Ending the north-south divide

Are Chennai's college campuses turning a battleground for students with different cultural backgrounds? What can pave the way for a cross-cultural and nation-building education?

March 01, 2010 02:08 pm | Updated June 05, 2013 03:27 pm IST

Is there more to student clashes that seem to have broken out across Chennai than what meets the eye? Have we brought back to life the saying that was popular in Tamil Nadu several decades ago: The North flourishes at the cost of the South? Are the clashes in the universities and engineering colleges about a North-South battle? Are they even linguistic?

For instance, some months ago, there was a violent clash among students of a private engineering college with native students insisting that they be served a particular variety of meat, while those from elsewhere protested it vehemently.

In another engineering college near Chennai, there were problems over serving food in the canteen with students from the South objecting to ‘rotis' being served more often than rice.

At Pallavaram too, the reason was similar, but it exploded through a cricket match with students from South India and the North competing as rival teams. As news about these two incidents spread, students in other institutions took up the fight as well, but with police support, tensions were quelled.

The skirmishes often start at the hostels, where the students have to live together in close quarters, but the volatile emotions then spill over to classrooms and are picked up by the entire college.

According to a third- year engineering student from a college in Maduravoyal, in college hostels students from other States usually form a close-knit group as they are in larger numbers compared to students from Tamil Nadu.

Students also allege that faculty and management staffs of institutions are partially responsible for the regional divide among students.

“Some lecturers derogatively refer to us as North Indians. Management staffers often pass comments on the lack of education opportunities in our remote towns whenever we request them to improve facilities in the college,” said Sonu, an ECE student of Saveetha School of Engineering (SSE) in Chettipedu. Over 70 per cent of the students in SSE are from Bihar, Jharkhand and adjoining States.

Another student who hails from Bihar studies at an engineering college in Ramapuram. He charges that some students who are locals exaggerate petty clashes among students by bringing in local goons. “This intensifies the regional divide as students from other States gang up to protect themselves from the local fellows. The management is not doing much to help us.”

John Surendran, a lecturer in a private arts and science college affiliated to the University of Madras, said petty quarrels or even violent clashes among two different sections of students were not uncommon in city colleges. But the trend of students fighting with each other on parochial and linguistic lines was a dangerous trend.

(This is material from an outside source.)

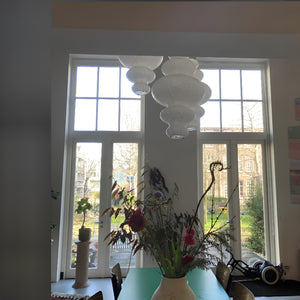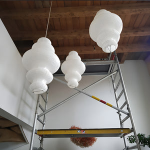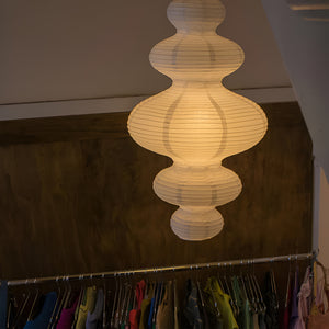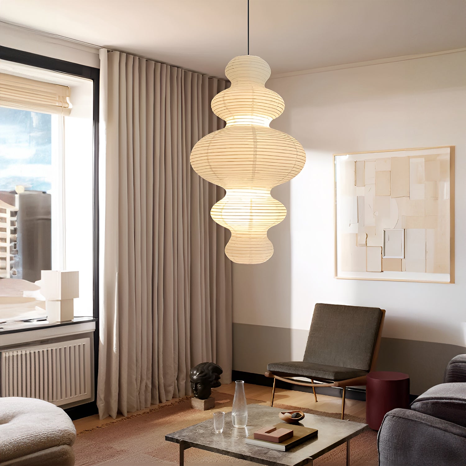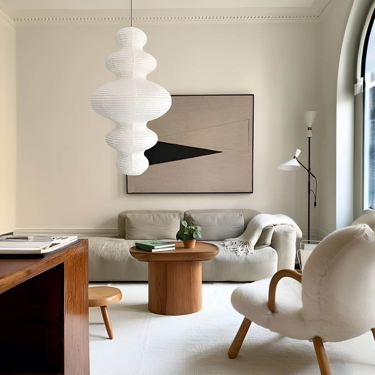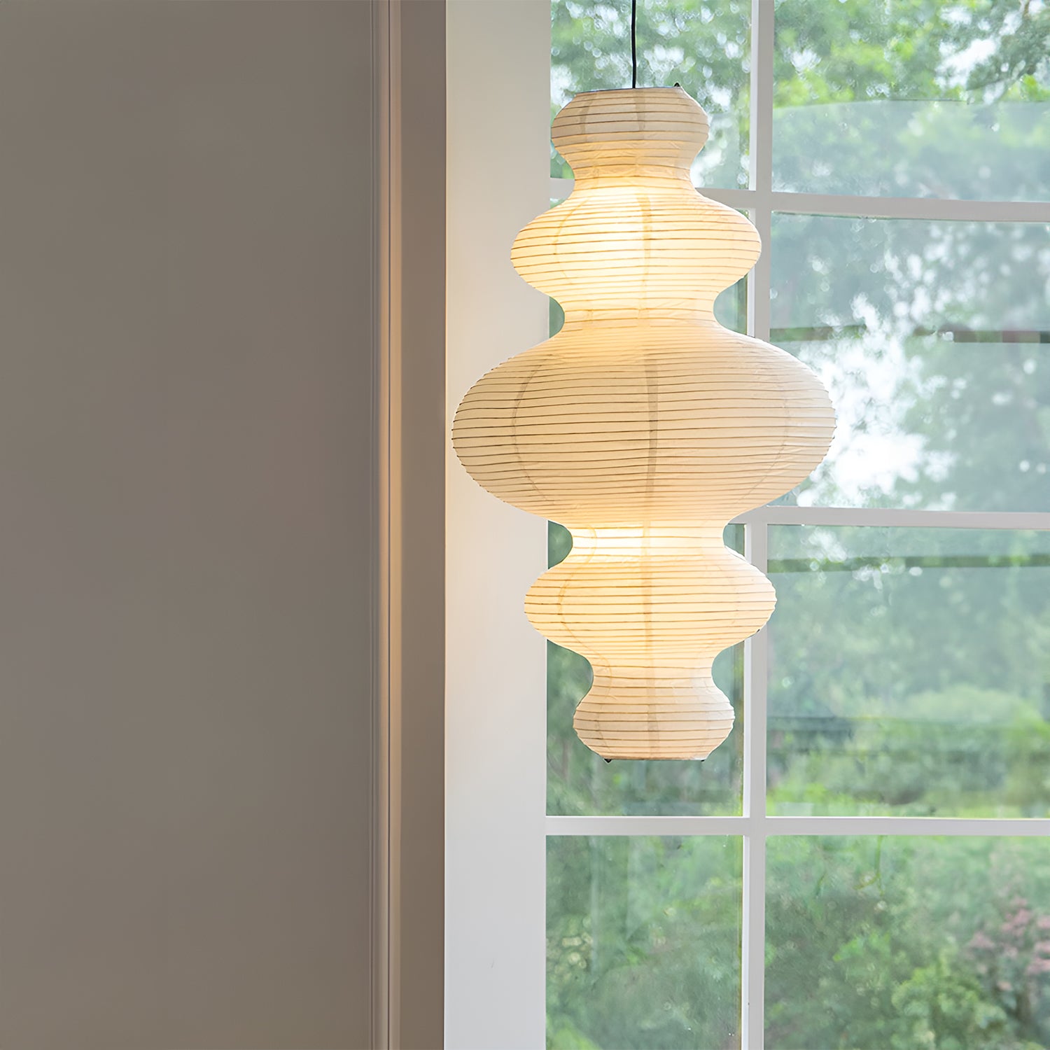 Elevate your interior with the Akari Juni Plug In Pendant Lamp, a stunning statement piece that combines modern sophistication with a touch of celestial beauty. This unique hanging lamp features an intricate, sculptural white paper shade that diffuses light beautifully, creating a soft, ethereal glow. The elegant black suspension arm adds a contemporary flair, making it perfect for dining areas, living rooms, or entryways. With its eye-catching design and ambient illumination, the Akari Juni Plug In Pendant Lamp transforms any space into a serene and stylish haven. Illuminate your home with the celestial charm of this extraordinary pendant light.

More specifically, such incidents were restricted to large private universities that depended on admitting thousands of students from outside Tamil Nadu to add to their numerical strength.

An office-bearer of the South Chennai unit of Students Federation of India said that with most private universities having students from North India as a majority, it was only common for other students to suffer at their hands. Out of insecurity and for strengthening their bonds of friendship, students sharing same language and region tend to stick together, remaining exclusive, thereby resisting inclusive growth, and frustrating the aim of wholesome, cross-cultural and nation-building education.

Need for media restraint

An academician who occupies a top administrative post in a private engineering college, on condition of anonymity, says problems do crop up occasionally because of cultural differences among students, but they are blown out of proportion. Students are very savvy these days and sometimes even stage protests just to grab media attention, he adds. This is when it becomes larger than it actually is and violence spreads from campus to campus, he explains stressing the need for media restraint.

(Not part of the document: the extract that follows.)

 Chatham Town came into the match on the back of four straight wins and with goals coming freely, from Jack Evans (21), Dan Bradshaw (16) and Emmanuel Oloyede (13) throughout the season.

In his opinion, speaking about such issues will only broaden the divide and fan the flames of violence and intolerance. If Tamil Nadu is today in a position to attract students from all over, because of its quality, it is also able to generate substantial revenues from this. Driving a wedge between South Indian and North Indian students will not only inflame passions in the short term, but also lead to loss of such revenue in the long run, he explains. Instead efforts have to be made by all — universities, college managements, hostel wardens, lecturers and student bodies — to unite within the campus people who come from different parts of the country.